__DATA FOR ANALYSIS__.
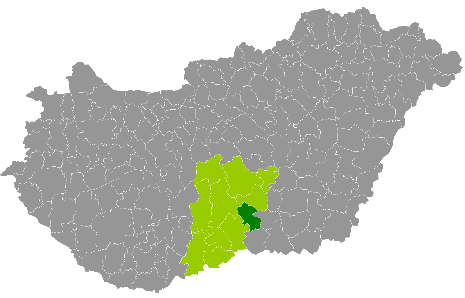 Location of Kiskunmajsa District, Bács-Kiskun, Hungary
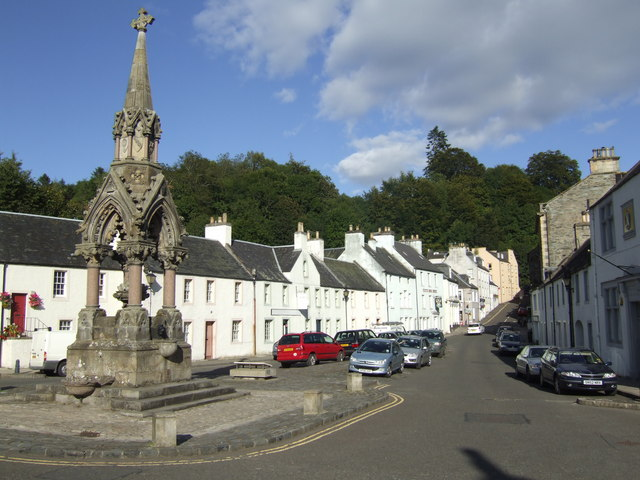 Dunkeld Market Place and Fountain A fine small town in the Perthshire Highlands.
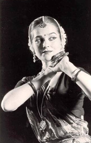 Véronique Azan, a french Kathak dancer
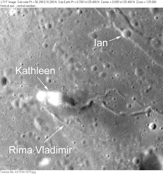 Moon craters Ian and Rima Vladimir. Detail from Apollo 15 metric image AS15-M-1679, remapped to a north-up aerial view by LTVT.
---
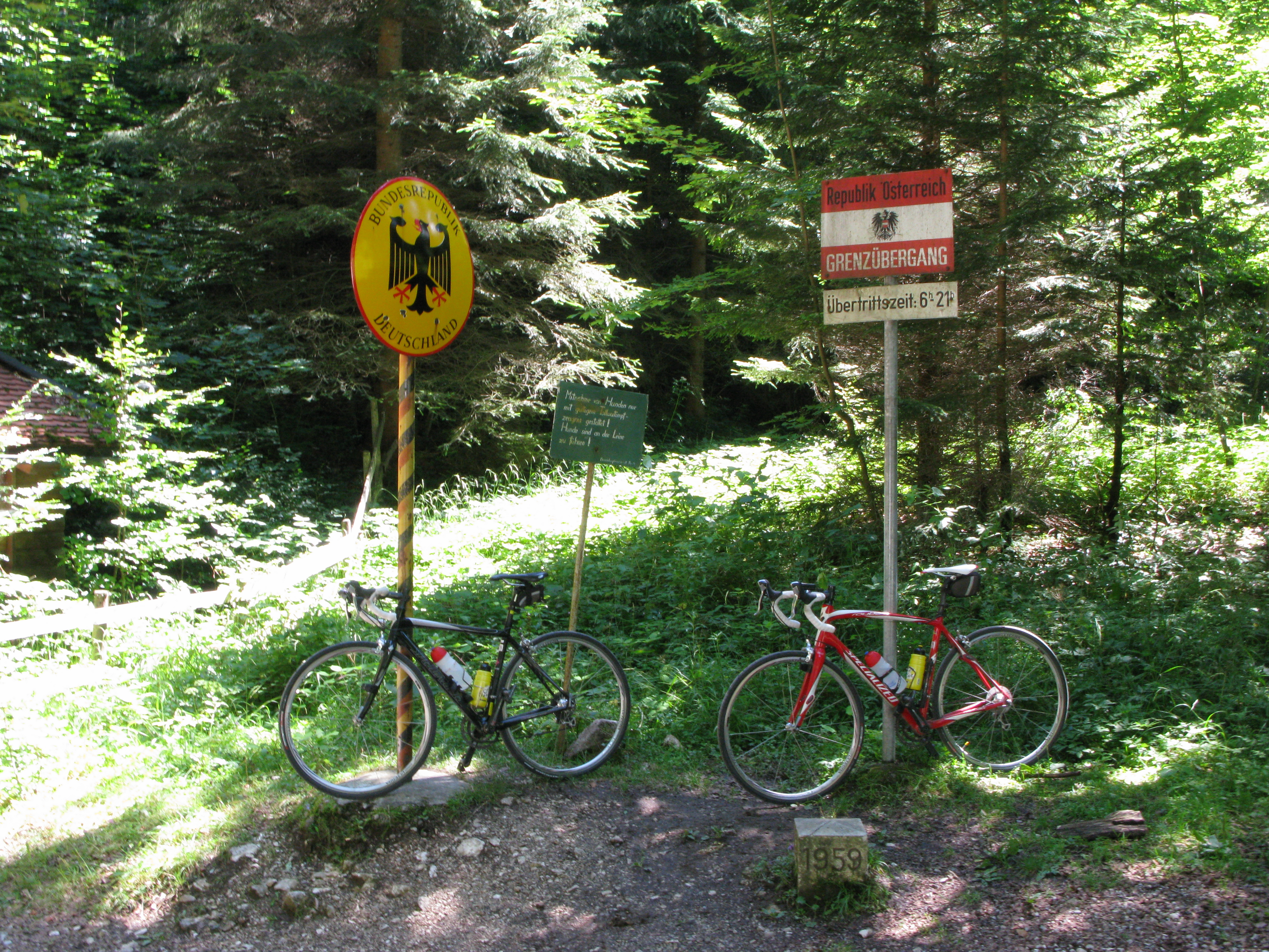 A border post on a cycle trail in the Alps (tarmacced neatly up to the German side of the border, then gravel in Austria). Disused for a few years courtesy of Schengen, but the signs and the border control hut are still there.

__THE TASK__.
Above are the records; please give again, exactly and in full, only the lines that run from the line with "Location of Kiskunmajsa" through the line with "Moon craters Ian", with no pictures.

__RESULT OF THE TASK__.
 Location of Kiskunmajsa District, Bács-Kiskun, Hungary
 Dunkeld Market Place and Fountain A fine small town in the Perthshire Highlands.
 Véronique Azan, a french Kathak dancer
 Moon craters Ian and Rima Vladimir. Detail from Apollo 15 metric image AS15-M-1679, remapped to a north-up aerial view by LTVT.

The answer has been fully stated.